Hey, I’m Just Like You is Tegan and Sara’s Ninth studio album. Released through Sire Records, the album is a rework of cassettes produced when the duo was aged between 15 and 17 years old. Notably, the work is produced entirely by women. A tight, synth pop exploration into the mind of the iconic duo’s beginnings, the 38-minute album is as consistent as the sound that has defined the band over the past two decades.
The sound and lyrics of this album are as overt and pointed as the title: mocking, punky, and moving. The tempo of the album varies song to song without losing a melancholic, upbeat air which defines the work’s entire sound. If the energy is repressed in one song it reaches a point in the next. “Don’t Believe the Things They Tell You (they lie)” in which guitars swell and an impassioned Sara attempts to protect its listener from a shared enemy, and “I Don’t Owe You Anything” in which an orchestral chorus of drum and synth dominates a serene landscape of overdubbed vocals, both stand out as the two peaks of the album. Bridging these two mountains is a delicate piano interlude (“Hello, I’m Right Here”).

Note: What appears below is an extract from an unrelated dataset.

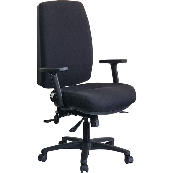 DAL ERGOSELECT STRIDE CHAIR EXTRA HIGH BACK BLACK NYLON BASE ADJUSTABLE ARMS LARGE SEAT FABRIC BLACK

What could be considered the downside of this album is the lack of variety in the instrumentation. However, the simplistic approach to each song is consistent, in that each track is pop-forward. So, anything deviating from the minimalistic framework could be off putting. Even a guitar solo might have been too much of a divergence but I doubt the listener would have minded (I know I wouldn’t have). This album is by no means experimental or pushing the boundaries of artistic musicality in any direction, but that is not the album’s aim. By deciding to explore tracks they made between the years of 15 and 17 the conception of the album is unique.
Considering the formidable years the tapes were created, the tracks, cryptic and simplistic simultaneously, are begging for an in-depth explanation by the two songwriters for their re-recording and mixing. Luckily, the album was given one in the band’s memoir High School released 3 days prior to the album (recommended to anyone interested in the duo’s beginnings before their launch into alt-rock fame). Love, trust, and rebellion are all recurring elements in Hey, I’m Just Like You and that could be the point. Returning to their youth, the duo has been able to capture a picture that many of us hope, or hope not, to reoccur again and again in life: those last few years before adulthood when everything that matters has not yet been put to the test by a world outside high school. The result is a collection of songs that are all very good and consistent in variety and breadth; a steady progression through the thoughts of two youths learning and voicing their opinions on grand themes that never leave us.